### INPUT MATERIAL:

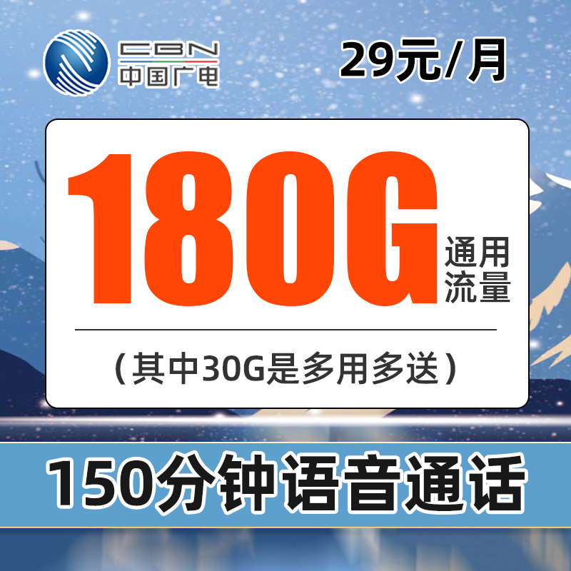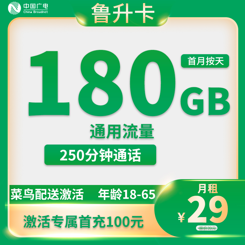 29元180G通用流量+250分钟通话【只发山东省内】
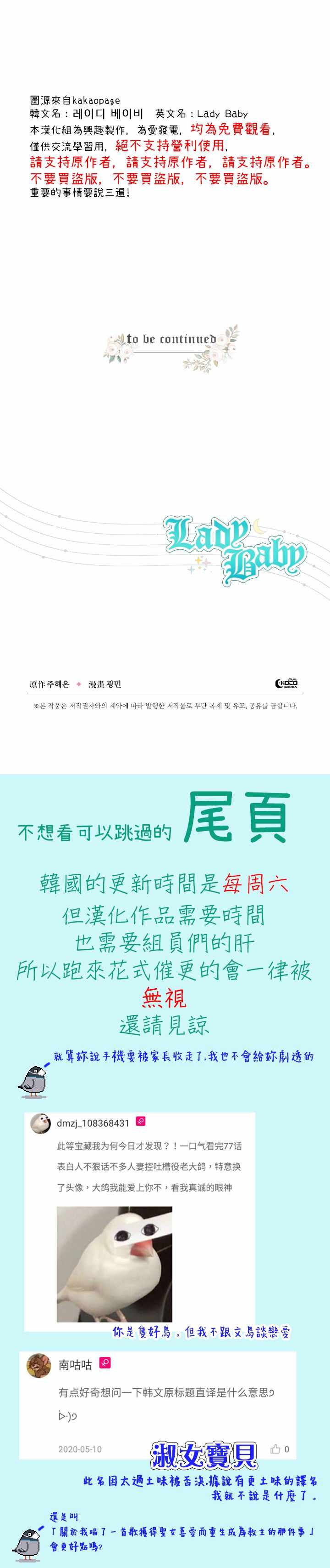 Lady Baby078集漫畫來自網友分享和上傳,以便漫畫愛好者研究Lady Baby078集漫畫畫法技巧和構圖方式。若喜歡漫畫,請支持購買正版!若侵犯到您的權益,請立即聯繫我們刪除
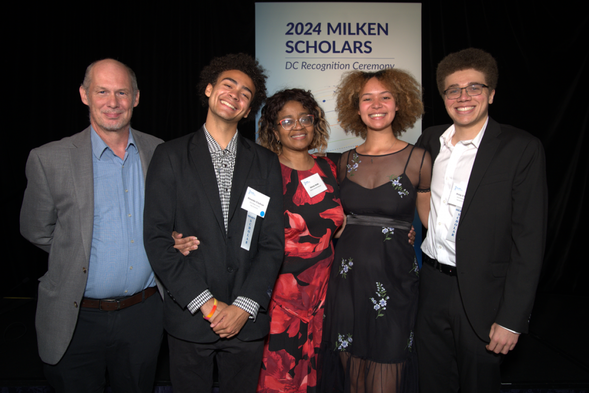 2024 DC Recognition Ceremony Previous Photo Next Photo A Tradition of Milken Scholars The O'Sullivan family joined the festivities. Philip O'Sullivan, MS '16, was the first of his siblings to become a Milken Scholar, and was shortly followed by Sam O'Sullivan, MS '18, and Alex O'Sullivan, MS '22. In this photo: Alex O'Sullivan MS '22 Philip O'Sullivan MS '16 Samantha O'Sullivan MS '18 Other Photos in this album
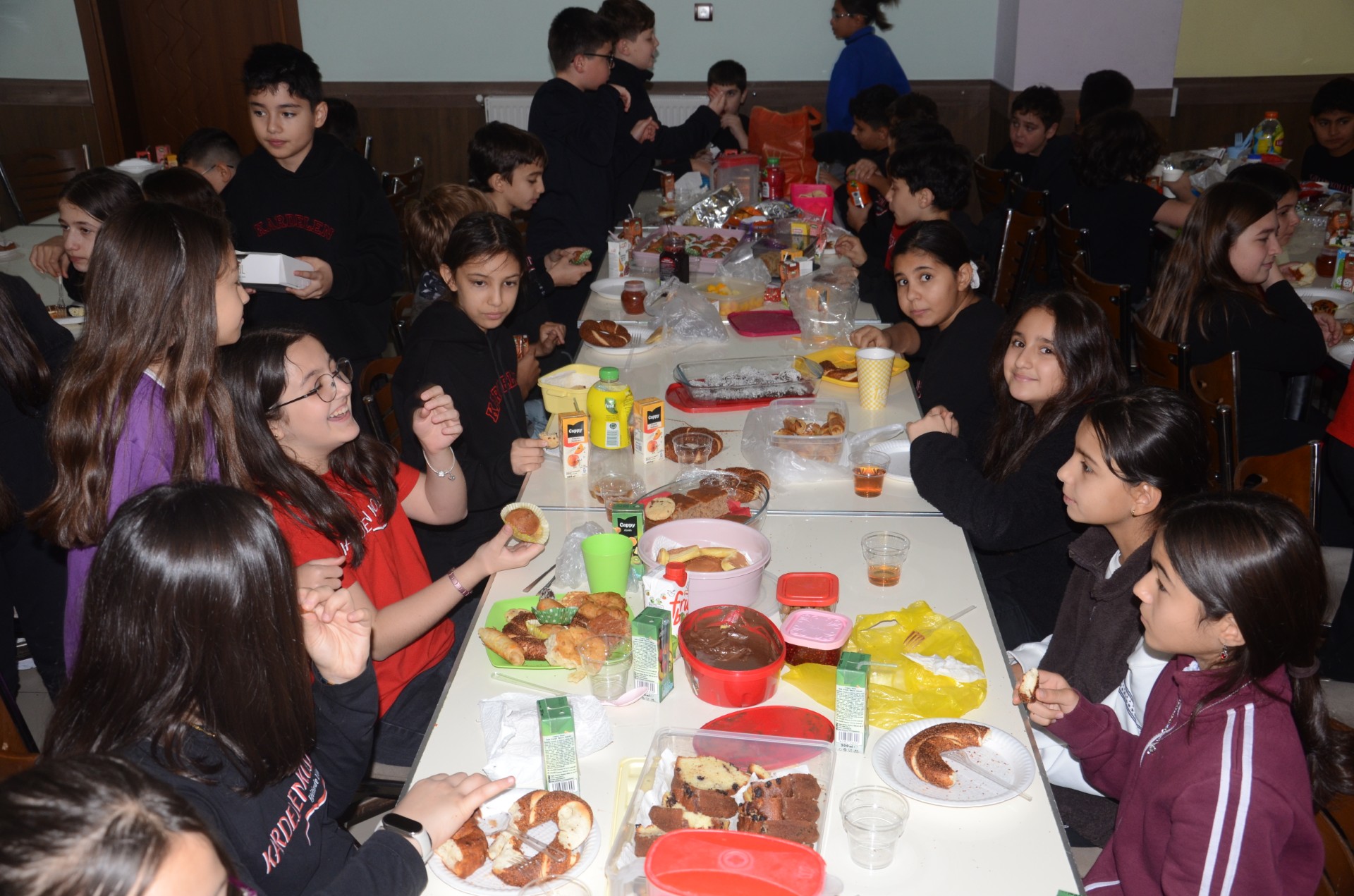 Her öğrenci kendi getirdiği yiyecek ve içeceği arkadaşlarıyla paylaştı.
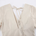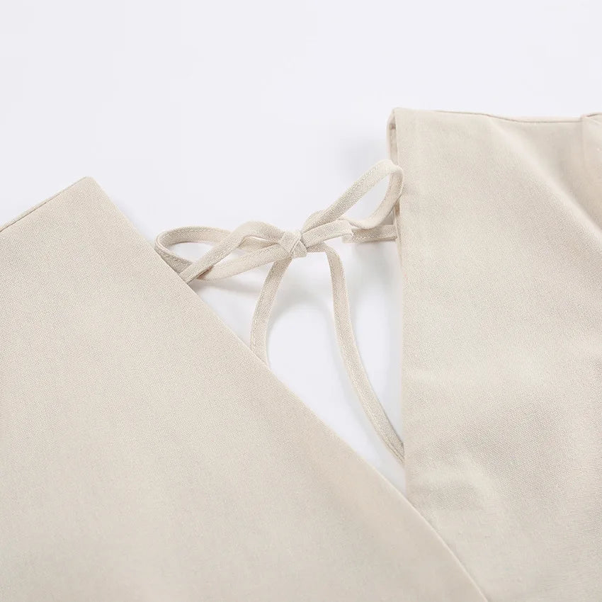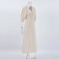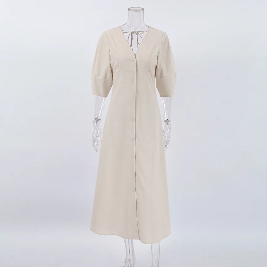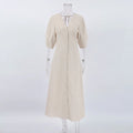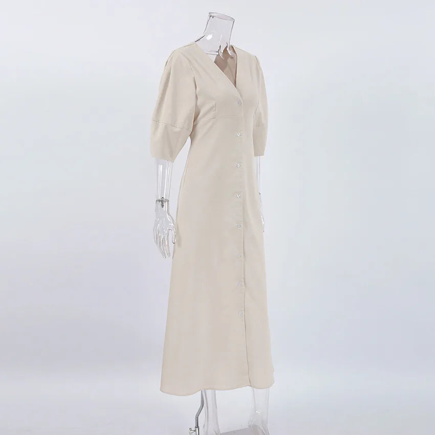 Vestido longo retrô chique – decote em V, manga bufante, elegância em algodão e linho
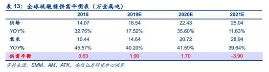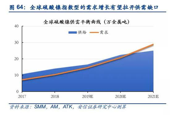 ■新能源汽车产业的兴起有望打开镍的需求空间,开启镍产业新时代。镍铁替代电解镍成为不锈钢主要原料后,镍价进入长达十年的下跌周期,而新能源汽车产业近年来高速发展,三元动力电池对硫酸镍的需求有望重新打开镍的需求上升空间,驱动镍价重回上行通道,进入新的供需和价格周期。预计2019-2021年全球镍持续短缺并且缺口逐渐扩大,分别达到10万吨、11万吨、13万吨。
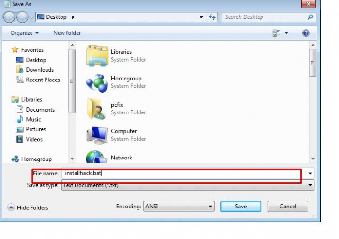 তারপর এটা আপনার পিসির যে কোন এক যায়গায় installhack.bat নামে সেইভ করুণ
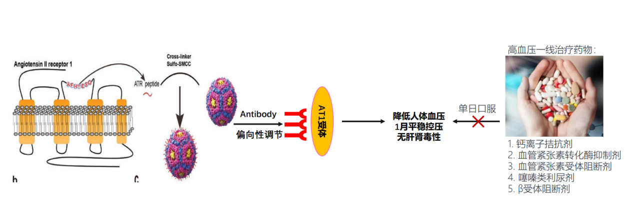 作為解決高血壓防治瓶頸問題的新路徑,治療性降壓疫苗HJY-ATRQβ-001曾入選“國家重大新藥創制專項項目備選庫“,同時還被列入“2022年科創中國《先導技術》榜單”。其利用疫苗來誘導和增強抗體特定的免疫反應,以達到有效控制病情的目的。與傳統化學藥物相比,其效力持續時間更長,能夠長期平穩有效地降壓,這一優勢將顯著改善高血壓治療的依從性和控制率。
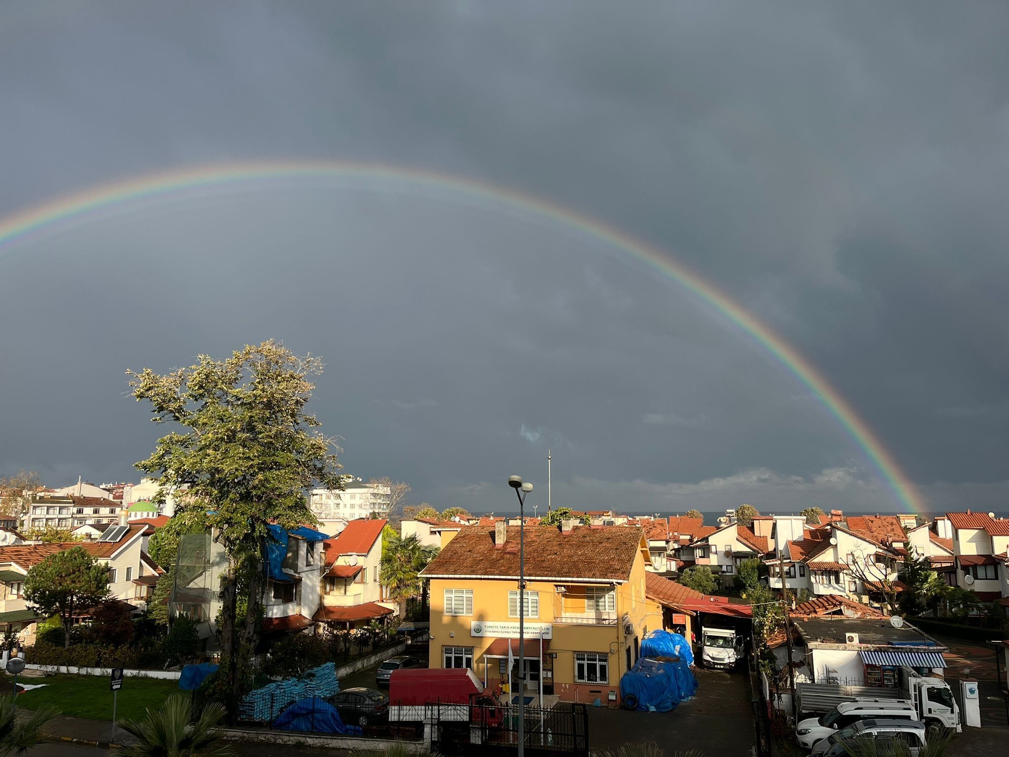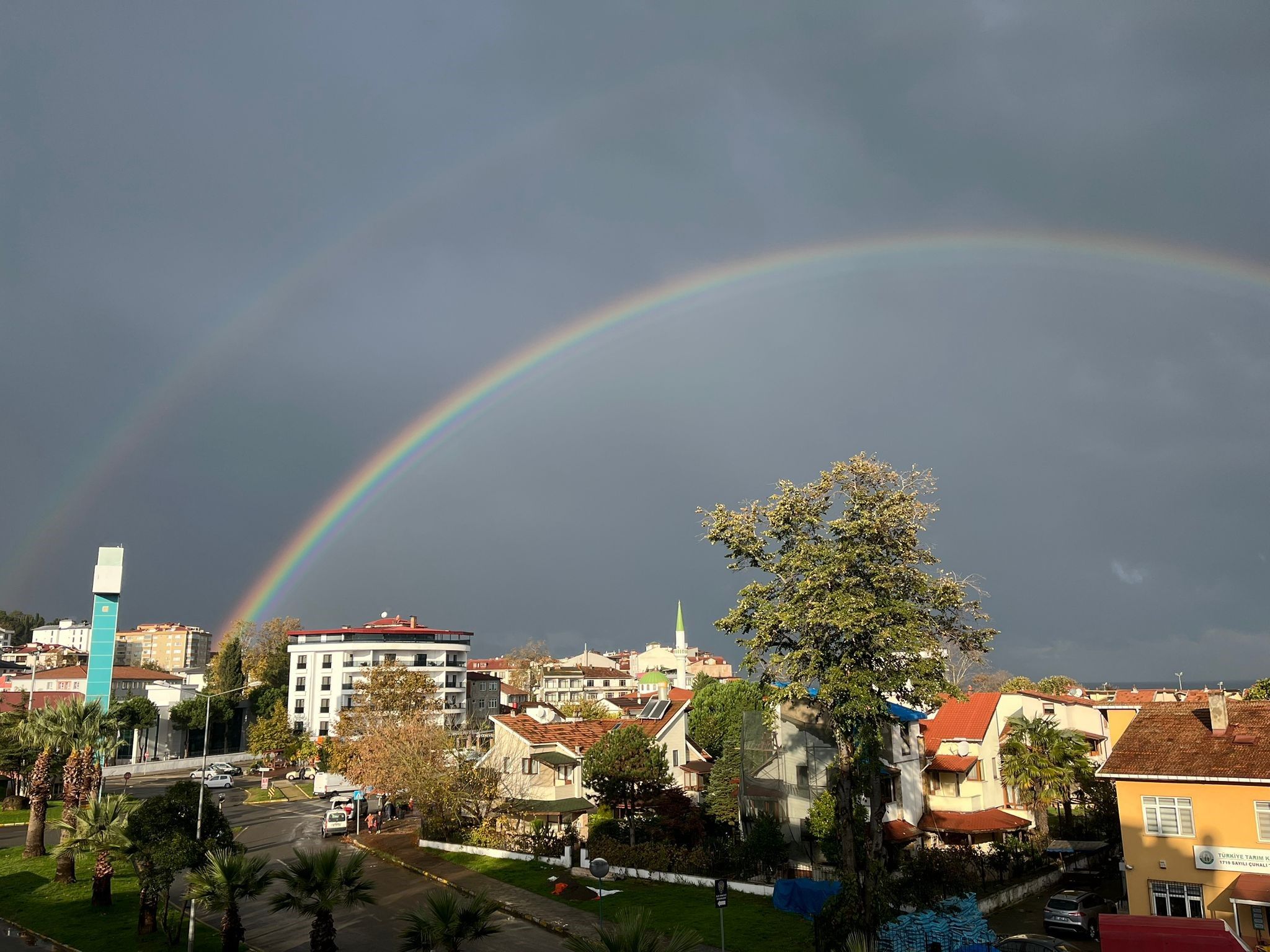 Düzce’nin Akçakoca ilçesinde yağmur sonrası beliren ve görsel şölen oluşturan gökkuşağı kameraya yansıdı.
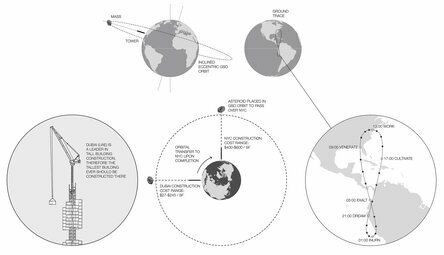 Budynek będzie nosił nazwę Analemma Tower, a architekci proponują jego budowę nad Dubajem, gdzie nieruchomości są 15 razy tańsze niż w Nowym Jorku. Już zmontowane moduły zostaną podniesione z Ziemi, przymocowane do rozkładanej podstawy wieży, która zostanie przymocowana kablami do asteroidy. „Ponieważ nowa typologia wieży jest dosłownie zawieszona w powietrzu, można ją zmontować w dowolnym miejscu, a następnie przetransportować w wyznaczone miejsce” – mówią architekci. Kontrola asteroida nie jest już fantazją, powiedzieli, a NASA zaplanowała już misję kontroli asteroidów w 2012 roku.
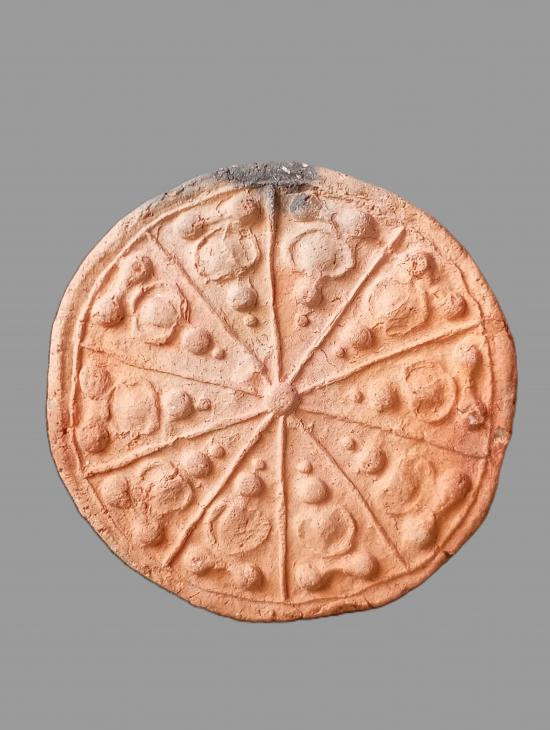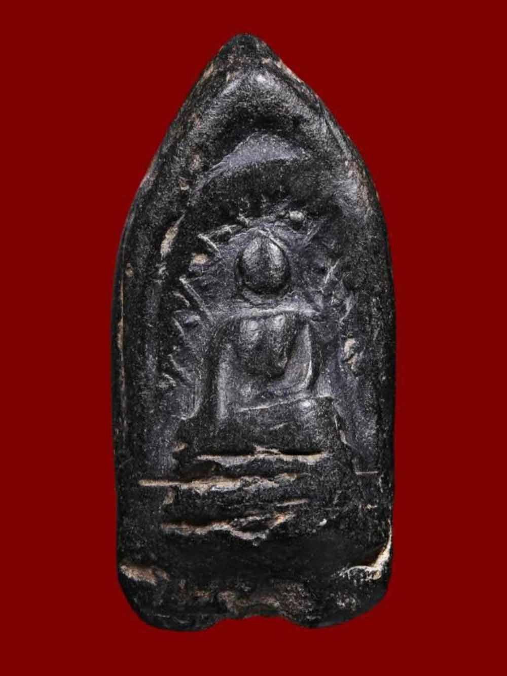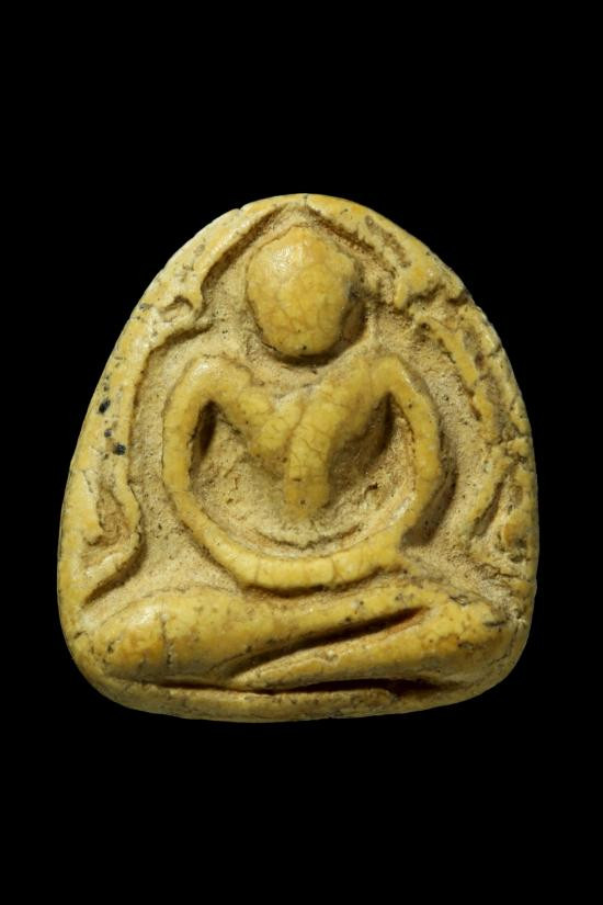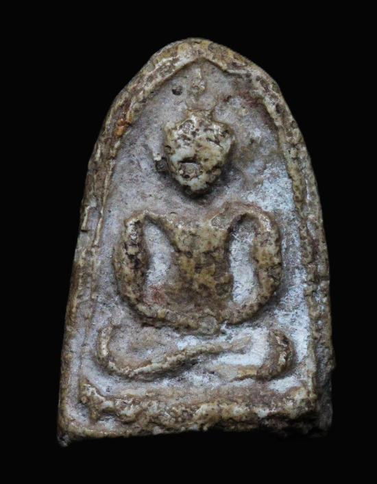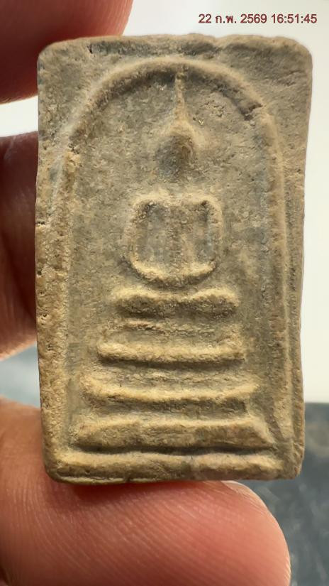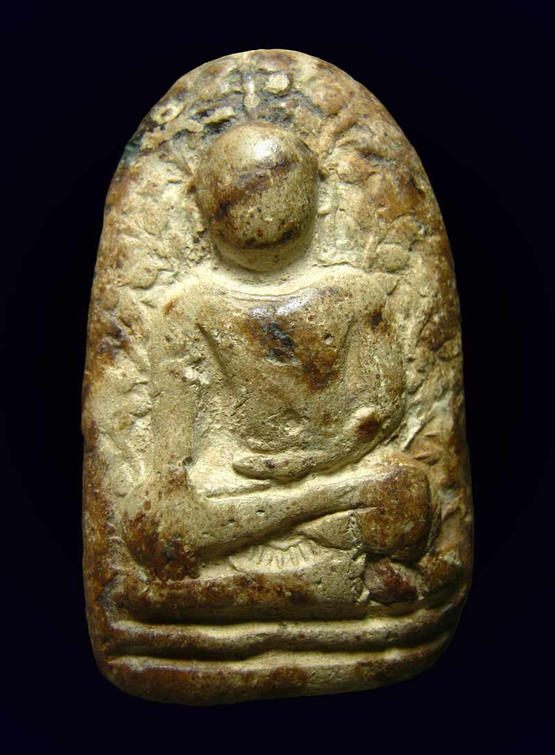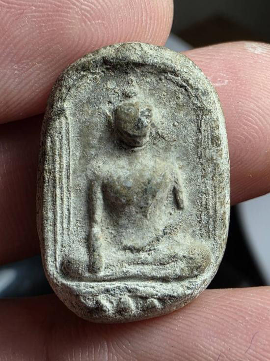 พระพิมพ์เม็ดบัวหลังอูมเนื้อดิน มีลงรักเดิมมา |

### DESCRIPTION OF THE TASK:
Using the entries above, write out exactly the lines from the one with "Her öğrenci kendi" through the one with "Düzce’nin Akçakoca ilçesinde", ends included. Leave out any pictures.

### REPLY TO THE TASK:
 Her öğrenci kendi getirdiği yiyecek ve içeceği arkadaşlarıyla paylaştı.
 Vestido longo retrô chique – decote em V, manga bufante, elegância em algodão e linho
 ■新能源汽车产业的兴起有望打开镍的需求空间,开启镍产业新时代。镍铁替代电解镍成为不锈钢主要原料后,镍价进入长达十年的下跌周期,而新能源汽车产业近年来高速发展,三元动力电池对硫酸镍的需求有望重新打开镍的需求上升空间,驱动镍价重回上行通道,进入新的供需和价格周期。预计2019-2021年全球镍持续短缺并且缺口逐渐扩大,分别达到10万吨、11万吨、13万吨。
 তারপর এটা আপনার পিসির যে কোন এক যায়গায় installhack.bat নামে সেইভ করুণ
 作為解決高血壓防治瓶頸問題的新路徑,治療性降壓疫苗HJY-ATRQβ-001曾入選“國家重大新藥創制專項項目備選庫“,同時還被列入“2022年科創中國《先導技術》榜單”。其利用疫苗來誘導和增強抗體特定的免疫反應,以達到有效控制病情的目的。與傳統化學藥物相比,其效力持續時間更長,能夠長期平穩有效地降壓,這一優勢將顯著改善高血壓治療的依從性和控制率。
 Düzce’nin Akçakoca ilçesinde yağmur sonrası beliren ve görsel şölen oluşturan gökkuşağı kameraya yansıdı.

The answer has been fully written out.